When the computer 1102 is used in the LAN networking environment, the computer 1102 is connected to the local network 1152 through a wired and/or wireless communication network interface or an adaptor 1156. The adaptor 1156 may make wired or wireless communication to the LAN 1152 easy, and the LAN 1152 also includes a wireless access point installed therein for the communication with the wireless adaptor 1156. When the computer 1102 is used in the WAN networking environment, the computer 1102 may include a modem 1158, is connected to a communication computing device on a WAN 1154, or includes other means setting communication through the WAN 1154 via the Internet. The modem 1158, which may be an embedded or outer-mounted and wired or wireless device, is connected to the system bus 1108 through a serial port interface 1142. In the networked environment, the program modules described for the computer 1102 or some of the program modules may be stored in a remote memory/storage device 1150. The illustrated network connection is illustrative, and those skilled in the art will appreciate well that other means setting a communication link between the computers may be used.


The computer 1102 performs an operation of communicating with a predetermined wireless device or entity, for example, a printer, a scanner, a desktop and/or portable computer, a portable data assistant (PDA), a communication satellite, predetermined equipment or place related to a wirelessly detectable tag, and a telephone, which is disposed by wireless communication and is operated. The operation includes a wireless fidelity (Wi-Fi) and Bluetooth wireless technology at least. Accordingly, the communication may have a pre-defined structure, such as a network in the related art, or may be simply ad hoc communication between at least two devices.


The Wi-Fi enables a connection to the Internet and the like even without a wire. The Wi-Fi is a wireless technology, such as a cellular phone, which enables the device, for example, the computer, to transmit and receive data indoors and outdoors, that is, in any place within a communication range of a base station. A Wi-Fi network uses a wireless technology, which is called IEEE 802.11 (a, b, g, etc.) for providing a safe, reliable, and high-rate wireless connection. The Wi-Fi may be used for connecting the computer to the computer, the Internet, and the wired network (IEEE 802.3 or Ethernet is used). The Wi-Fi network may be operated at, for example, a data rate of 11 Mbps (802.11a) or 54 Mbps (802.11b) in an unauthorized 2.4 and 5 GHz wireless band, or may be operated in a product including both bands (dual bands).


Those skilled in the art may appreciate that information and signals may be expressed by using predetermined various different technologies and techniques. For example, data, indications, commands, information, signals, bits, symbols, and chips referable in the foregoing description may be expressed with voltages, currents, electromagnetic waves, magnetic fields or particles, optical fields or particles, or a predetermined combination thereof.

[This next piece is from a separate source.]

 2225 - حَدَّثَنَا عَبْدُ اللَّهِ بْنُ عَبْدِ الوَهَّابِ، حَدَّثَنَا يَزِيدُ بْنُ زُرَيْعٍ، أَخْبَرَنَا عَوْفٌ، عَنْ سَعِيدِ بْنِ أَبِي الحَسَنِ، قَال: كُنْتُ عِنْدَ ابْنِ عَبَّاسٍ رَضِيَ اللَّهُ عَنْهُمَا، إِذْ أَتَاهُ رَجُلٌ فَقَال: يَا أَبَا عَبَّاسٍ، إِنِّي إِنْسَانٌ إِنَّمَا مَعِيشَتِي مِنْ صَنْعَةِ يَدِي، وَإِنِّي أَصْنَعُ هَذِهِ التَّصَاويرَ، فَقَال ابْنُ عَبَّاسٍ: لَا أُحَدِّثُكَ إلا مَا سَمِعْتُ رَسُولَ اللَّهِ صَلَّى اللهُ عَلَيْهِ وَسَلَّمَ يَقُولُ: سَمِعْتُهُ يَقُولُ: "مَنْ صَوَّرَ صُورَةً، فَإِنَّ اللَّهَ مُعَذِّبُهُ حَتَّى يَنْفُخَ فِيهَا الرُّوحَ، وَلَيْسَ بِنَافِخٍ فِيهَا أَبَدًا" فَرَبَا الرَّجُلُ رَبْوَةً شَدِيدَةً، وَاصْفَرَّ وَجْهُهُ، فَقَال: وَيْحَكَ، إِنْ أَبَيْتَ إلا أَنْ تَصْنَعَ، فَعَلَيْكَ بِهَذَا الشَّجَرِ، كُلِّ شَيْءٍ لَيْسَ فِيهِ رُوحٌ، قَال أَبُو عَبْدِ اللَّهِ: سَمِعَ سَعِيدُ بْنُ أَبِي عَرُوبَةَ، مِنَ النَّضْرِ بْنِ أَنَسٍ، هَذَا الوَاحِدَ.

Those skilled in the art will appreciate that the various illustrative logical blocks, modules, processors, means, circuits, and algorithm operations described in relationship to the embodiments disclosed herein may be implemented by electronic hardware (for convenience, called “software” herein), various forms of program or design code, or a combination thereof. In order to clearly describe compatibility of the hardware and the software, various illustrative components, blocks, modules, circuits, and operations are generally illustrated above in relation to the functions of the hardware and the software. Whether the function is implemented as hardware or software depends on design limits given to a specific application or an entire system. Those skilled in the art may perform the function described by various schemes for each specific application, but it shall not be construed that the determinations of the performance depart from the scope of the present disclosure.

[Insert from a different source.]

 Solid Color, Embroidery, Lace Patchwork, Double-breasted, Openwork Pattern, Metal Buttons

Various embodiments presented herein may be implemented by a method, a device, or a manufactured article using a standard programming and/or engineering technology. A term “manufactured article” includes a computer program, a carrier, or a medium accessible from a predetermined computer-readable storage device. For example, the computer-readable storage medium includes a magnetic storage device (for example, a hard disk, a floppy disk, and a magnetic strip), an optical disk (for example, a CD and a DVD), a smart card, and a flash memory device (for example, an EEPROM, a card, a stick, and a key drive), but is not limited thereto. Further, various storage media presented herein include one or more devices and/or other machine-readable media for storing information.

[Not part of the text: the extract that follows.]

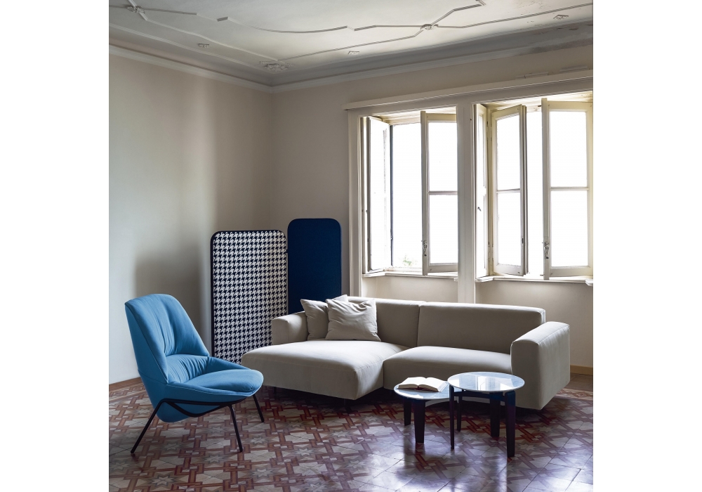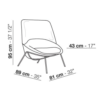 Ladle diseñada por Luca Nichetto para Arflex es una butaca con base de metal lacado en negro y patines protectores de polietileno negro. Cojín de asiento de poliuretano conformado de densidad diferenciada / fibra de poliéster. Tapicería de tela o piel. Disponible en tres dimensiones.

It shall be understood that a specific order or a hierarchical structure of the operations included in the presented processes is an example of illustrative accesses. It shall be understood that a specific order or a hierarchical structure of the operations included in the processes may be rearranged within the scope of the present disclosure based on design priorities. The accompanying method claims provide various operations of elements in a sample order, but it does not mean that the claims are limited to the presented specific order or hierarchical structure.


The description of the presented embodiments is provided so as for those skilled in the art to use or carry out the present disclosure. Various modifications of the embodiments may be apparent to those skilled in the art, and general principles defined herein may be applied to other embodiments without departing from the scope of the present disclosure. Accordingly, the present disclosure is not limited to the embodiments suggested herein, and shall be interpreted within the broadest meaning range consistent to the principles and new characteristics presented herein.


The various embodiments described above can be combined to provide further embodiments. All of the U.S. patents, U.S. patent application publications, U.S. patent applications, foreign patents, foreign patent applications and non-patent publications referred to in this specification and/or listed in the Application Data Sheet are incorporated herein by reference, in their entirety. Aspects of the embodiments can be modified, if necessary to employ concepts of the various patents, applications and publications to provide yet further embodiments.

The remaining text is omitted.